Friday, December 31, 2010

The Best Documentaries of 2010




(photos of Joan Rivers, top, and Banksy)
By Steven Rosen


Cincinnati CityBeat, 12-29-2010




The golden age of documentaries continued in 2010, with filmmakers tackling all sorts of subjects with stylistically innovative approaches. But you had to work hard to keep up with them. Our local independent theaters didn’t book everything. Some played first-run on cable-television’s video-on-demand platform; others on HBO. And thank goodness for our great Public Library system, which seems to buy every documentary available as soon as it’s released on DVD. Here are my 10 favorite docs:



1. Inside Job: Charles Ferguson’s masterful look at the unchecked greed that caused our economy to almost collapse in 2008, and at the close ties between those charged with monitoring Wall Street excess and those getting rich from it. It unfolds like a great thriller, filling you with outrage while at the same time making a complex subject accessible.



2. Exit Through the Gift Shop: Count me among those who believe this Banksy-“directed” look at the world of street art and its cooptation by consumer culture isn’t really a straightforward documentary. But if the movie itself is a prank, it’s a deeply layered, clever one that makes you love it — and art itself — all the more.



3. A Film Unfinished: This disturbing, mournful meditation by Yael Hersonski on the meaning of 60 minutes of forgotten raw footage that the Nazis shot in the Warsaw Ghetto is an important addition to Holocaust studies. It shows the cavalier, inhuman way the Germans tried to exploit as Jewish-caused the horrors of ghetto life — starvation, corpses in the streets, improper sanitation — that their own genocidal policies caused.



4. Jean-Michel Basquiat: The Radiant Child: Director Tamra Davis had interviewed the doomed young artist in the 1980s, right as he was becoming an art star, and uses that footage as a starting point to build this perceptive study of his life. Among her important points is that he wasn’t a naf — he was well-informed on art and culture and smart about his intentions.



5. Joan Rivers: A Piece of Work: Directors Annie Sundberg and Ricki Stern treat Rivers with respect, not as the desperate, aging celebrity that pop culture likes to present her as. She rewards them by revealing the tough, sensitive, shrewd, outraged and outrageous comedian-philosopher that she has always been.
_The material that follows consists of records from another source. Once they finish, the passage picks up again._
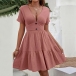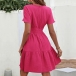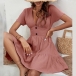 Sexy Solid Color V-neck Buttoned Cinch Waist Short Sleeve Mini Dress
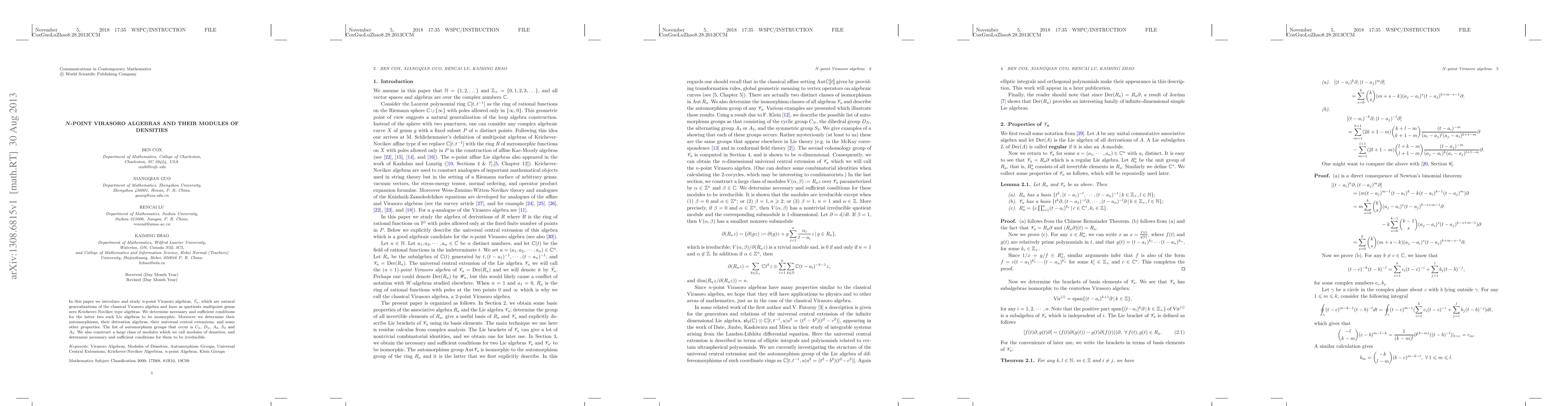 This paper introduces $n$-point Virasoro algebras, $\tilde{\W_a}$, as generalizations of the classical Virasoro algebra, and explores their properties including isomorphism conditions, automorphisms, and universal central extensions. It also constructs modules of densities and determines conditions for their irreducibility.
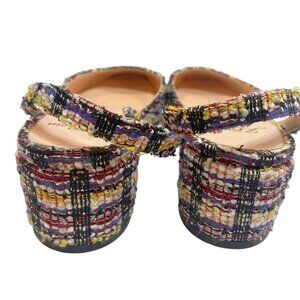 The J. Crew Tweed Slingback Block Heel Sandal is a stylish and versatile slip-on shoe for women in size 9. Made with a multicolor tweed upper material, this sandal features a slingback style with a block heel, making it perfect for a variety of occasions such as parties, casual outings, christenings, workwear, and business settings. Its classic design and quality construction from J. Crew make it a standout choice for any wardrobe.
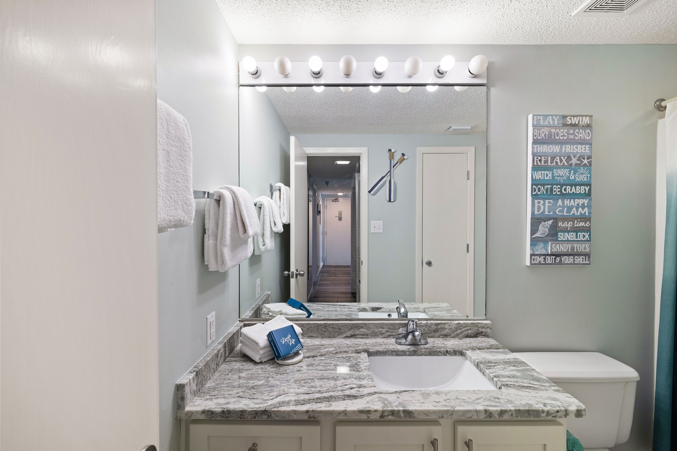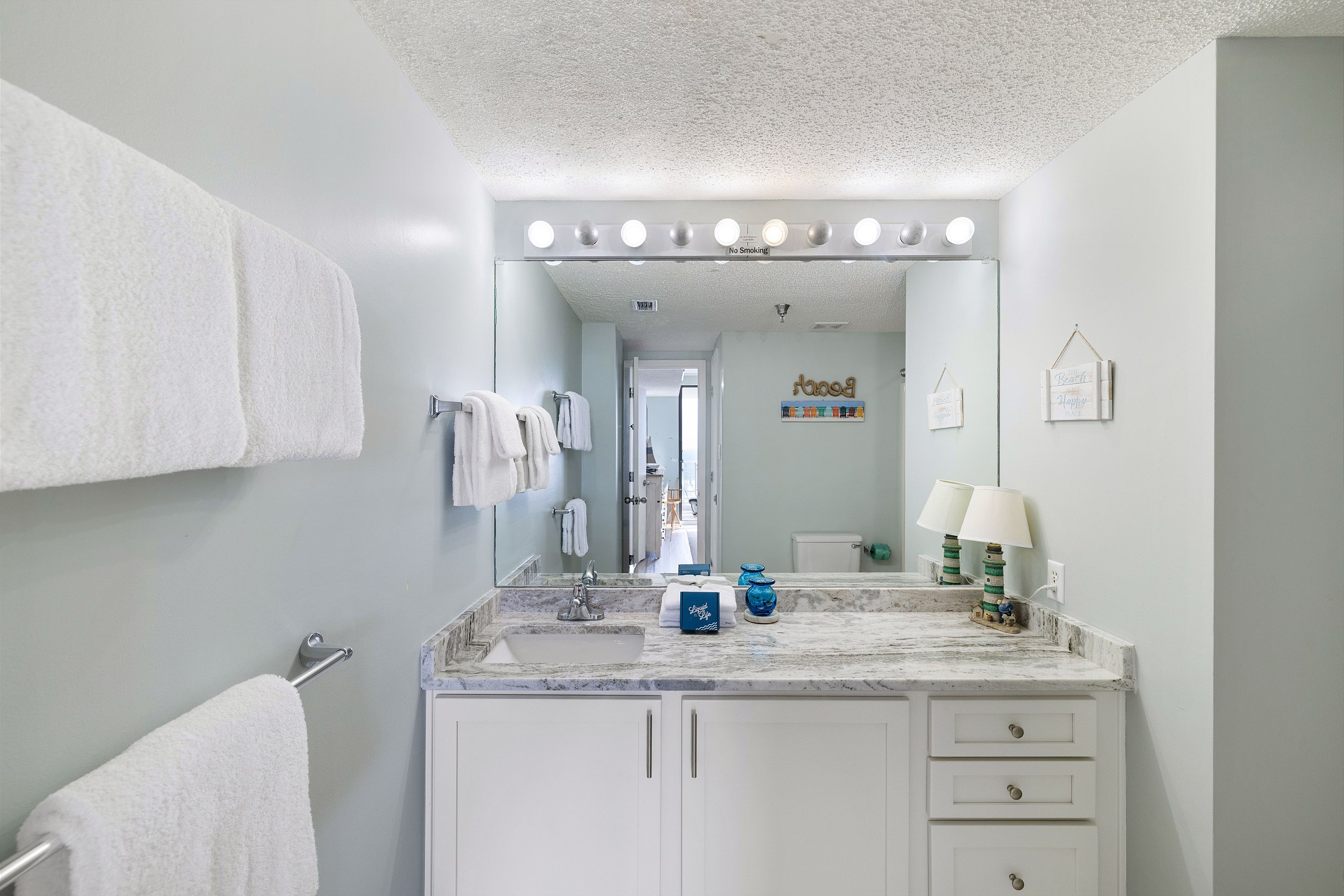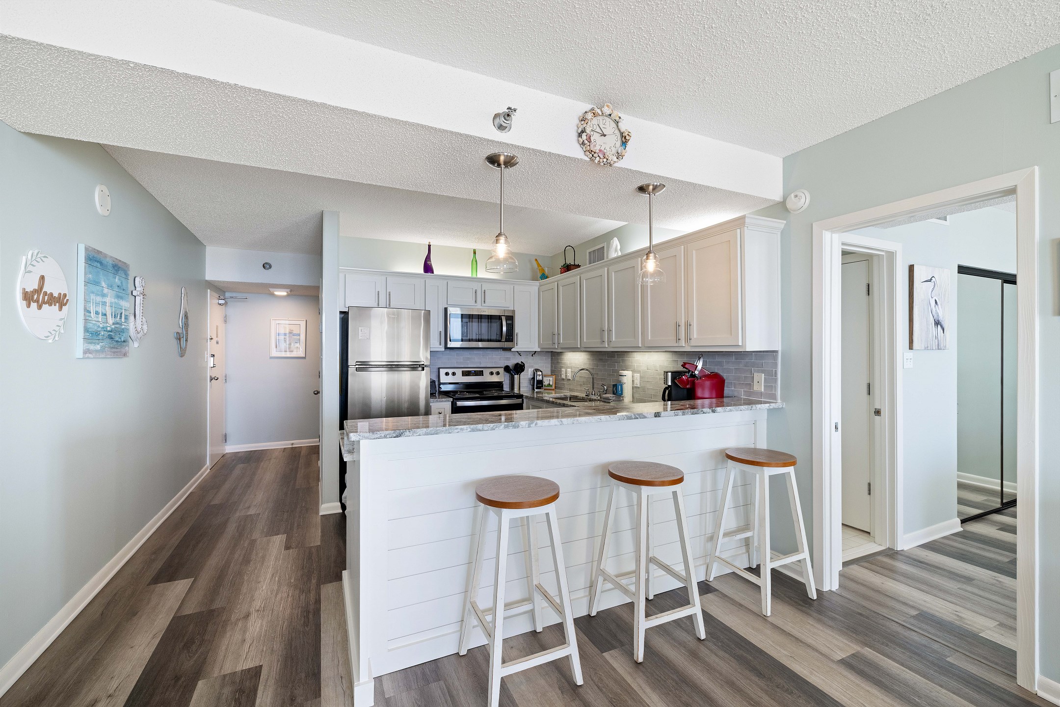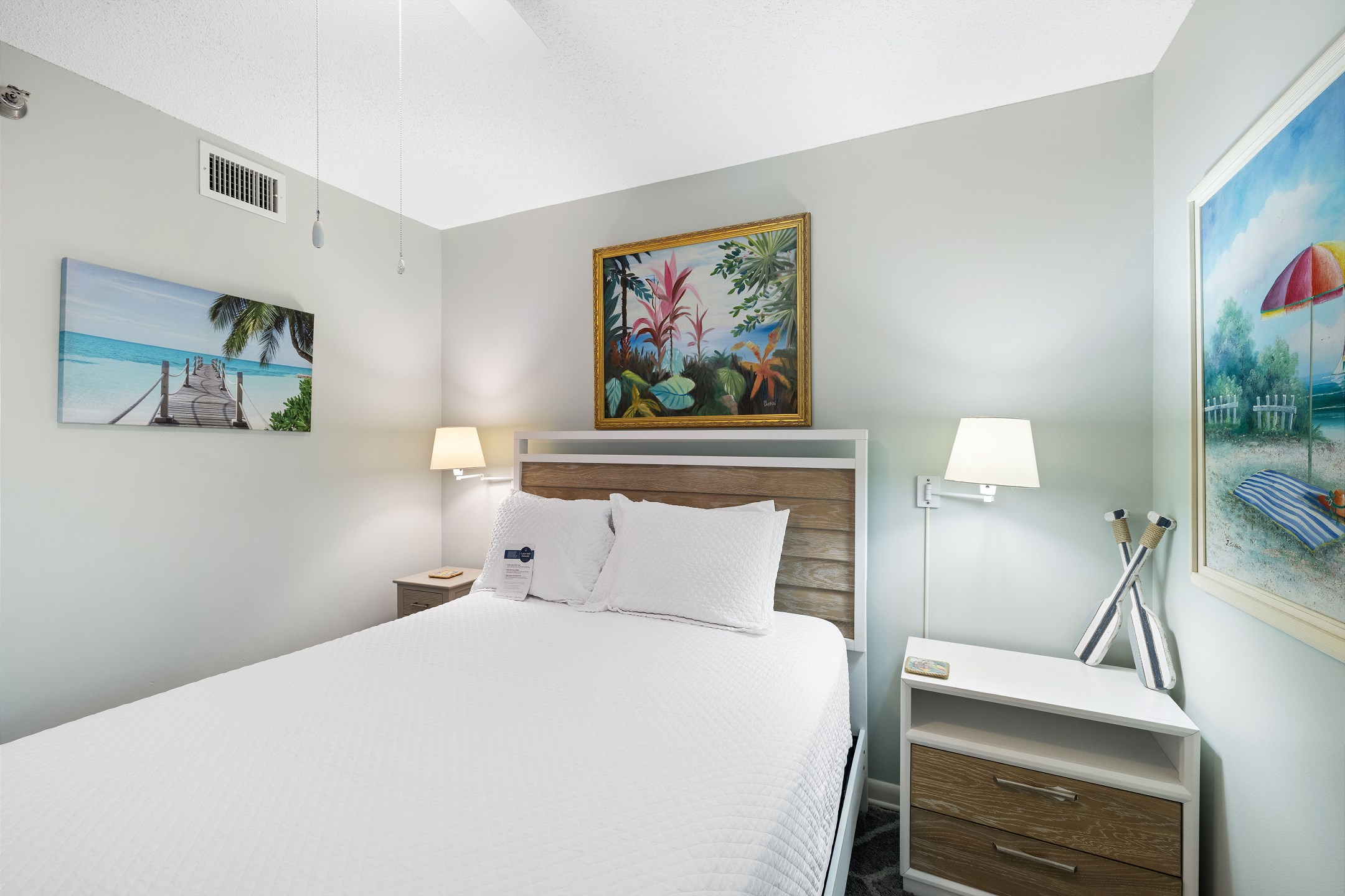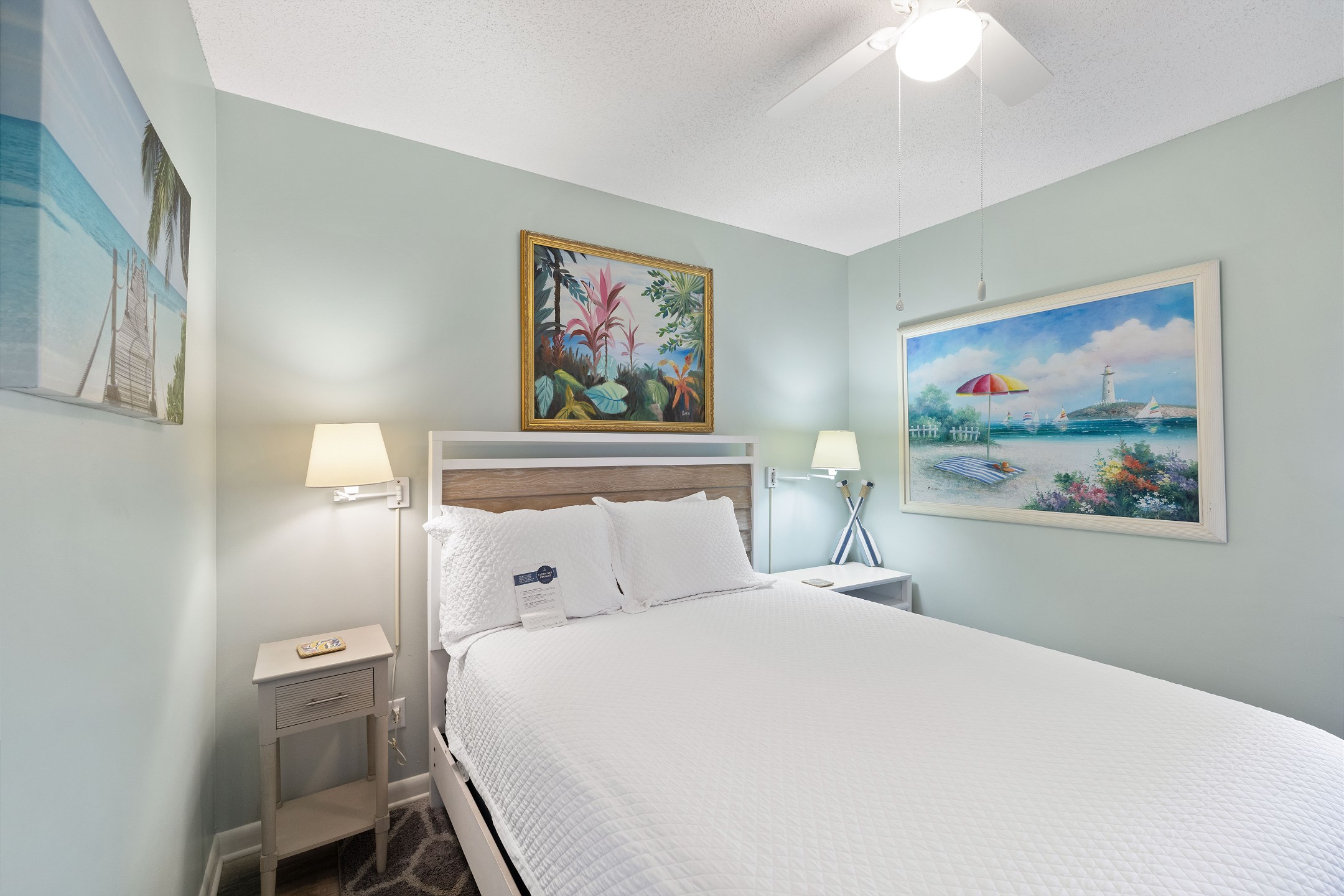 The primary bedroom includes a king bed, private balcony access, and an ensuite bathroom for added convenience. The second and third bedrooms both have queen beds. For additional sleeping arrangements, there is a full-size sofa sleeper in the living room.
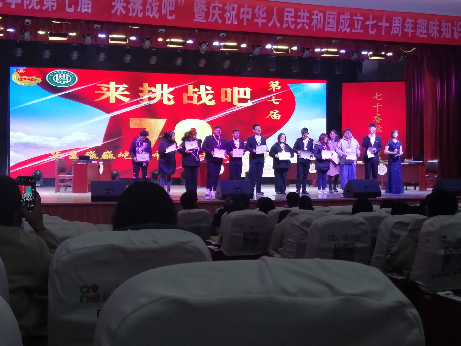 为庆祝中华人民共和国成立70周年,深入学习贯彻习近平新时代中国特色社会主义思想。12月7日下午,永利23411集团于睢阳校区大礼堂举办第七届《来挑战吧》趣味知识竞赛决赛。永利23411集团校团委副书记时光出席,9支代表队伍参赛。
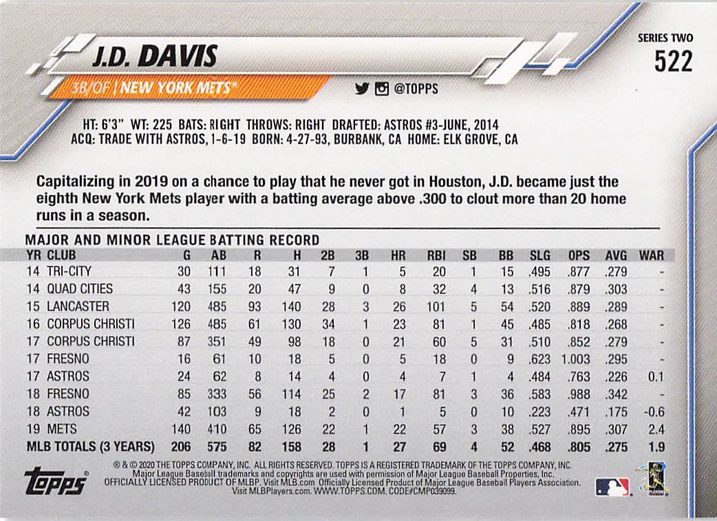 2020 Topps Series 2 J.D. Davis #522
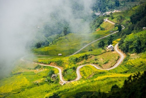 | Con đường uốn lượn qua những triền lúa trong mây khiến những người mê xê dịch không thể cầm lòng. |

6. Casino Jack and the United States of Money: Alex Gibney intricately lays out the way Republican lobbyist Jack Abramoff, working with the Republican House Majority leader Tom DeLay and others (including former Ohio Rep. Bob Ney) put the interests of the country (and, in some cases, Abramoff’s own clients) second to their own financial interests. It’s a strong, penetrating indictment of Republican politics in the George W. Bush era.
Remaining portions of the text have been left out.